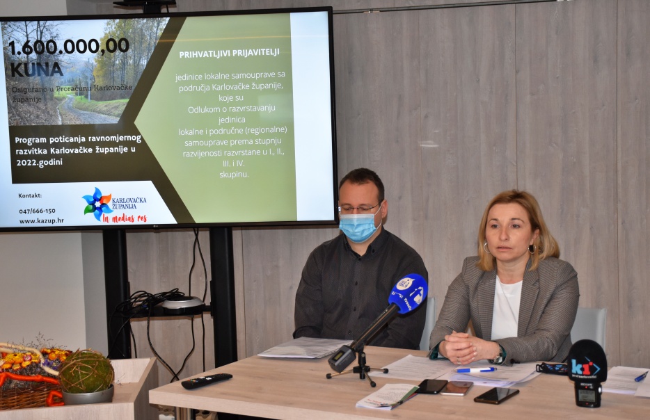 Za provedbu Programa poticanja ravnomjernog razvitka Karlovačke županije u 2022.godini su u Proračunu Karlovačke županije osigurana sredstva u ukupnom iznosu 1.600.000,00 kuna. Program će se provoditi kroz tri mjere:
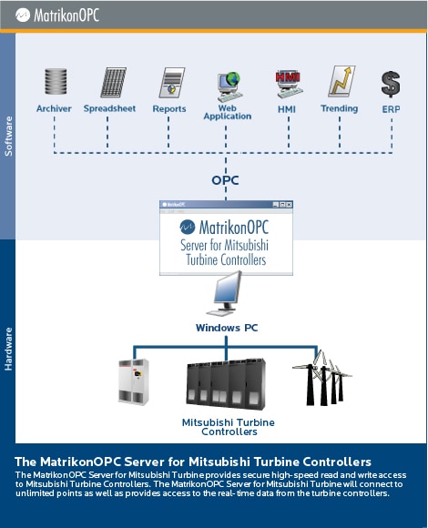 The MatrikonOPC Server for Mitsubishi Turbine provides secure high-speed read and write access
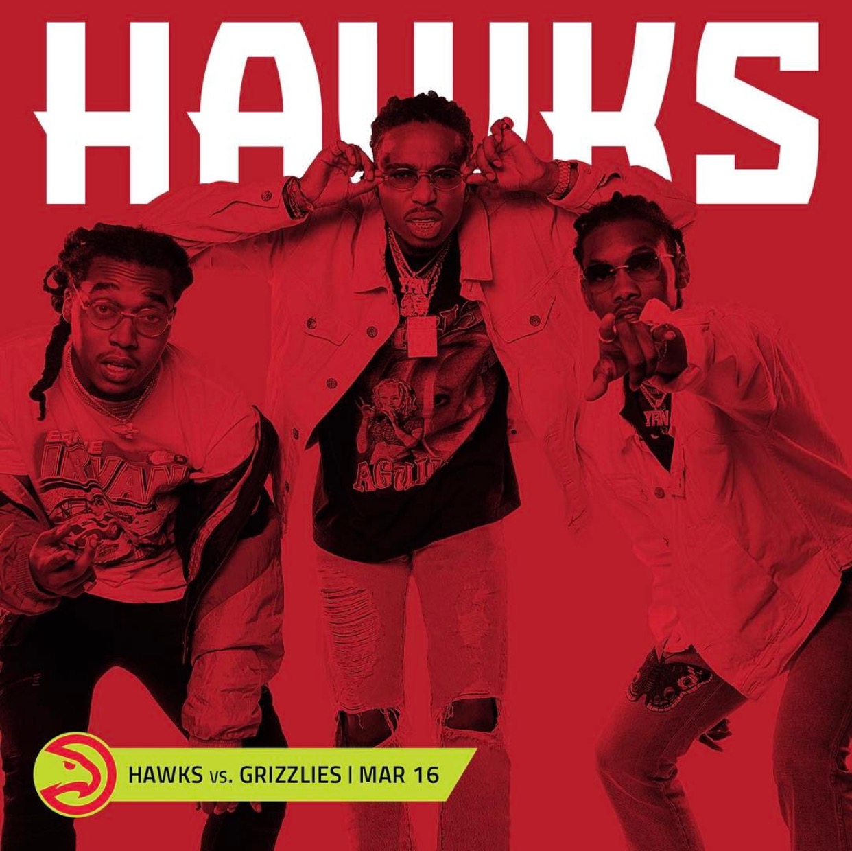 Migos will be the fourth act to perform at a Hawks game this season, joining Atlanta-based superstars 2Chainz, Gucci Mane and Lil Yachty. Since the beginning of the 2014-15 season, the club has enlisted T.I., Ludacris, Jeezy, Cee-Lo and more to add to the Philips Arena in-game experience.
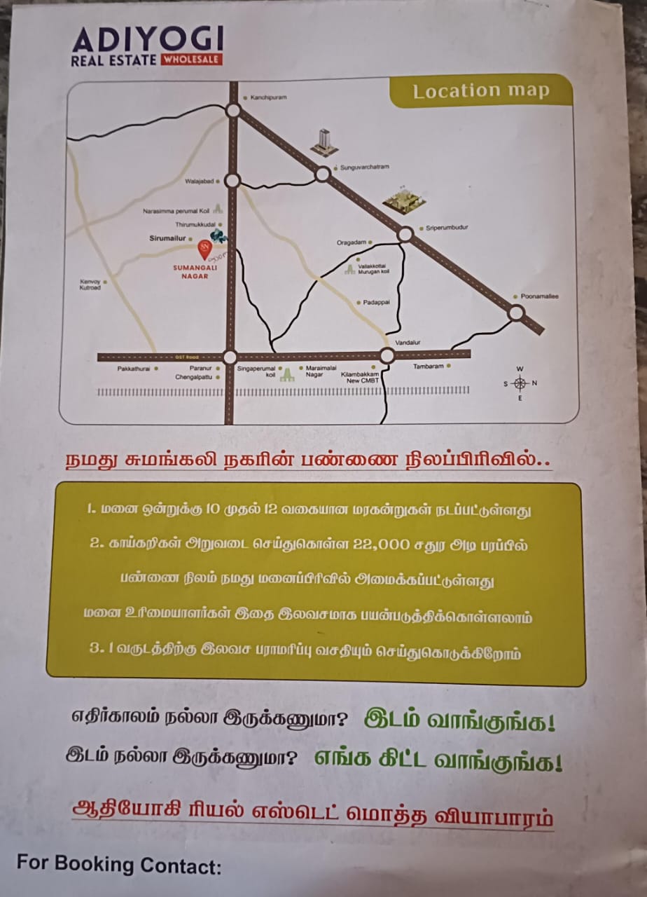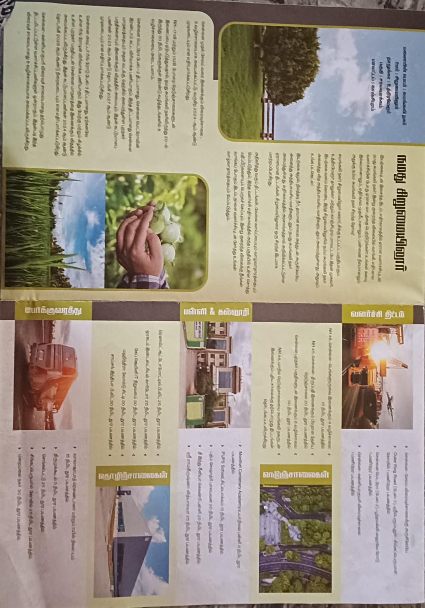 The Sumangali Nagar located at Sirumailur Village near Uthiramerur Taluk, Kanchipuram District is being developed to become near to Chennai City. It is one of the best residential plots in Uthiramerur Taluk with a total of 259 plots ranging from 1464 sq.ft to 3412 sq.ft.
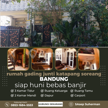 rumah di gading junti katapang soreang bandung siap huni bebas banjir spesifikasi: Luas tanah:81m luas bangunan:142m Kmar tidur 3 Kamar mandi 2 Mushola 1 Ruang tamu 1 Ruang keluarga 1 Carport 1 mobil 2 motor Kamar utama ukuran 7x3 Ukuran kamar lainnya 2,5 x 3,5 Dapur ukuran 6 x 3 Jumlah lantai 2 Sertifikat on hand + IMB selling point: dekat tempat ibadah ada lapang badminton 1 menit (50mtr) ke sekolah tk 2 menit ke sekolah SDN 2 menit ke sekolah SMPN 2 Katapang dan SD internasional school 3 menit ke kantor Kecamatan dan Pasar tradisional 5 menit ke Borma Katapang harga : 640jt nego by owner pasti jadi Paminat serius hubungi: S. Asep Suherman Tlp/WA : 0853xxxxxxxx
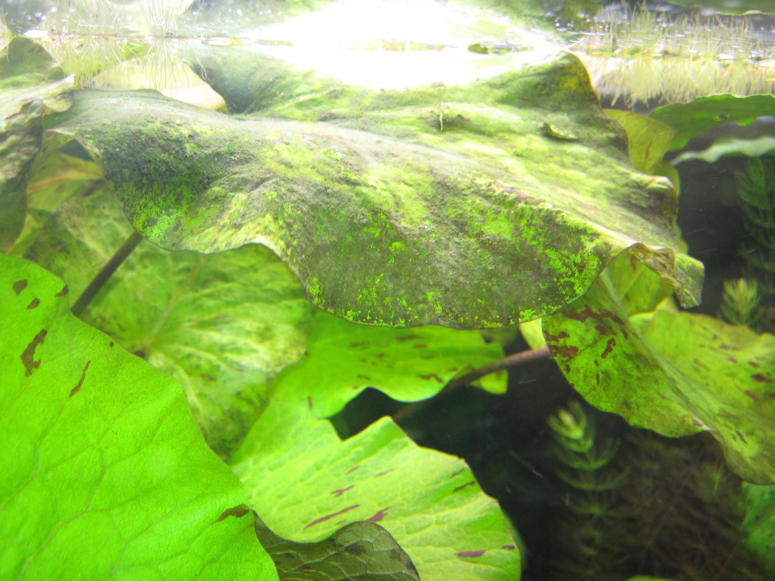 А то я уже и четыре лампы именно для растений купил (Sylvania GRO-lux), а толку не особо. Заметил только, что листья, на которые не падает прямой свет (где-то боковые) - те всегда чистые. А листья, которые около ламп - они страдают этими коричневыми водорослями.
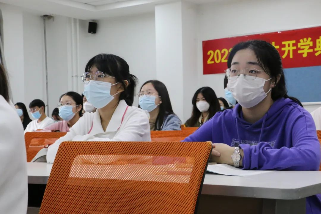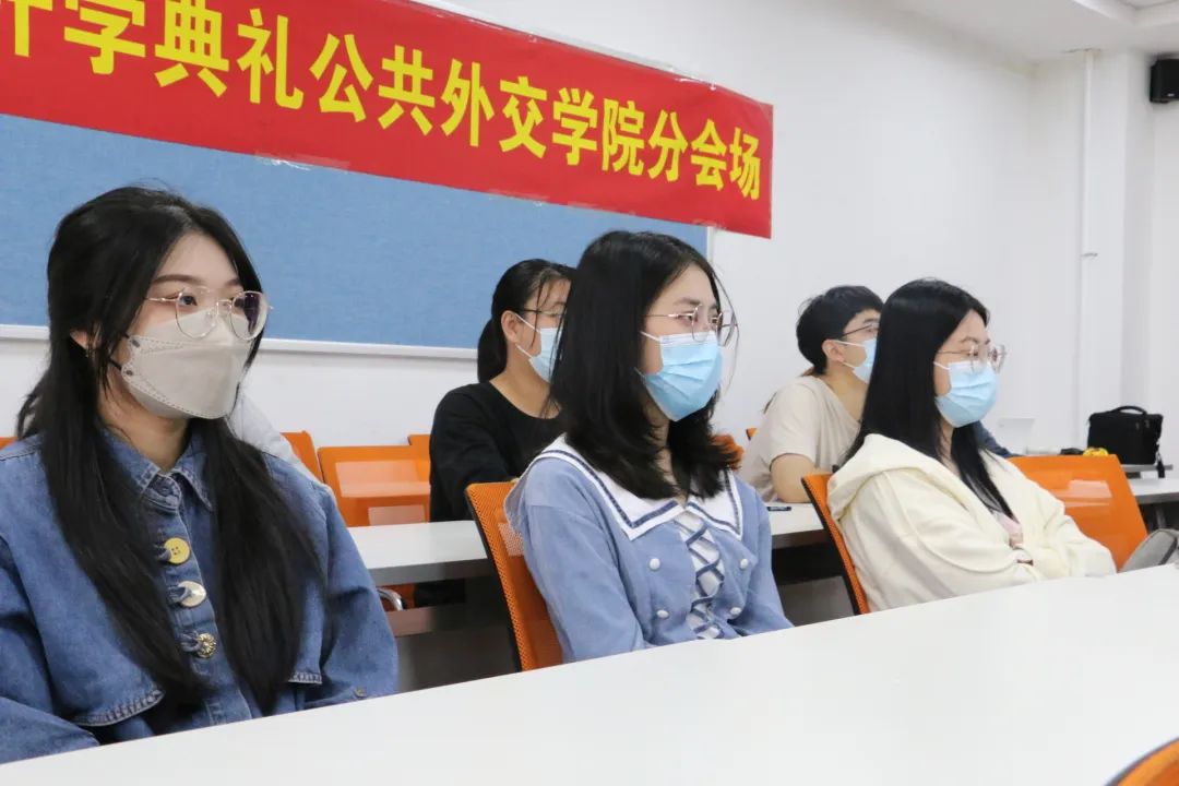 党委书记杨民老师,副院长于洪生老师,党委副书记兼副院长、纪委书记王力老师,2022级本科生班主任邹晓龙老师、李明老师,研究生秘书于晴老师,辅导员单葆龙老师和同学们一起观看典礼。

-.-.-

From the material above, set down each entry exactly, but exclude the pictures.

§ **Output**
 Za provedbu Programa poticanja ravnomjernog razvitka Karlovačke županije u 2022.godini su u Proračunu Karlovačke županije osigurana sredstva u ukupnom iznosu 1.600.000,00 kuna. Program će se provoditi kroz tri mjere:
 The MatrikonOPC Server for Mitsubishi Turbine provides secure high-speed read and write access
 Migos will be the fourth act to perform at a Hawks game this season, joining Atlanta-based superstars 2Chainz, Gucci Mane and Lil Yachty. Since the beginning of the 2014-15 season, the club has enlisted T.I., Ludacris, Jeezy, Cee-Lo and more to add to the Philips Arena in-game experience.
 The Sumangali Nagar located at Sirumailur Village near Uthiramerur Taluk, Kanchipuram District is being developed to become near to Chennai City. It is one of the best residential plots in Uthiramerur Taluk with a total of 259 plots ranging from 1464 sq.ft to 3412 sq.ft.
 rumah di gading junti katapang soreang bandung siap huni bebas banjir spesifikasi: Luas tanah:81m luas bangunan:142m Kmar tidur 3 Kamar mandi 2 Mushola 1 Ruang tamu 1 Ruang keluarga 1 Carport 1 mobil 2 motor Kamar utama ukuran 7x3 Ukuran kamar lainnya 2,5 x 3,5 Dapur ukuran 6 x 3 Jumlah lantai 2 Sertifikat on hand + IMB selling point: dekat tempat ibadah ada lapang badminton 1 menit (50mtr) ke sekolah tk 2 menit ke sekolah SDN 2 menit ke sekolah SMPN 2 Katapang dan SD internasional school 3 menit ke kantor Kecamatan dan Pasar tradisional 5 menit ke Borma Katapang harga : 640jt nego by owner pasti jadi Paminat serius hubungi: S. Asep Suherman Tlp/WA : 0853xxxxxxxx
 А то я уже и четыре лампы именно для растений купил (Sylvania GRO-lux), а толку не особо. Заметил только, что листья, на которые не падает прямой свет (где-то боковые) - те всегда чистые. А листья, которые около ламп - они страдают этими коричневыми водорослями.
 党委书记杨民老师,副院长于洪生老师,党委副书记兼副院长、纪委书记王力老师,2022级本科生班主任邹晓龙老师、李明老师,研究生秘书于晴老师,辅导员单葆龙老师和同学们一起观看典礼。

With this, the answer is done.